The company is also ramping up its efforts on electrifying its other two best-selling brands, Ram and Jeep – investing $4.5 billion into an assembly plant located in Detroit.

And it’s paying off.

Jeep will have at least four new plug-in hybrids within the next few years. And Alfa Romeo, another Chrysler brand, will release a hybrid plug-in supercar, the 8C.

The company is primarily focusing on electrifying its luxury vehicles first, but it’s doubling down on developing battery-based vehicles as well as a broad range of gas, diesel, and hybrid drivetrains too.

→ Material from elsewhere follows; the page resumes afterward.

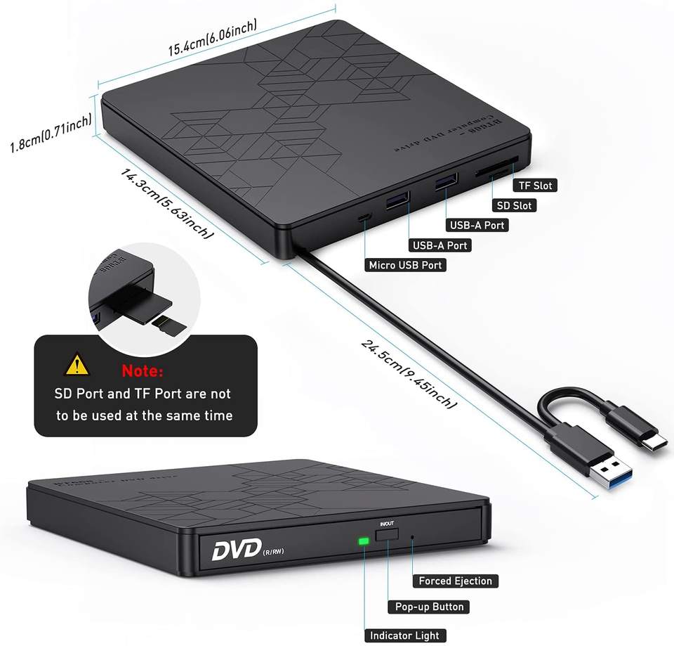Lector de DVD externo Usb, USB 3,0, tipo C, grabadora de quemador de CD-RW, TF, SD, Unidad óptica, CD, DVD, ROM, escritor para PC y portátil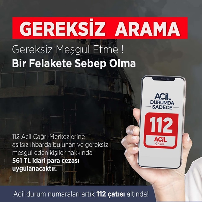 112 Acil Çağrı Merkezimizi arayarak asılsız ihbarda bulunan ve gereksiz yere meşgul eden kişiler hakkında 561,00-TL idari para cezası uygulamasına devam edilmektedir.

Chrysler says every Jeep it builds will eventually have a hybrid plug-in as well as a full-electric option.

Plus, Chrysler is eyeing China’s massive auto market for its new EV offerings. China accounts for 50% of the entire EV market. And China’s cost-cutting and EV efficiency rule instated in 2017 provides manufacturers plenty of subsidies and incentives to build plug-in models.

The demand for EVs is only going to continue to increase. But with Chrysler’s extensive plan and its affordable existing electric vehicle, the Fiat 500e, the company will continue to spike in profitability.

In fact, in Q4 2018, Chrysler’s revenue was €29.28 billion ($32.6B) with 6.77% year-over-year growth. However, net income was roughly €1.3 billion ($1.4B) with 61.28% increase year over year.

For the entirety of 2018, Chrysler’s revenue was $133.3 billion with a net income of $3.9 billion.

The company’s EPS estimate by year-end 2018 was $1.17. But by the end of 2019, it’s expected to jump to $3.13. And by 2020, it’s anticipated to reach $3.44. That’s a 144% increase in just two years.

Tesla may get all the hype, but legacy car manufacturers like Chrysler are leading the pack and will completely dominate the EV market. In fact, our Money Morning Stock VQScore™ system won’t even rank Tesla due to its lack of earnings.

On the other hand, Chrysler has a perfect VQScore of 4.75, marking it as one of the best buys retail investors can make right now with a great dividend yield of 5.29%.

And analysts also agree with our bullish predictions on Chrysler. Morningstar Equity Research projects shares of Chrysler will surge 106% higher over the next 12 months, rocketing from today’s price of $15.48 to nearly $32.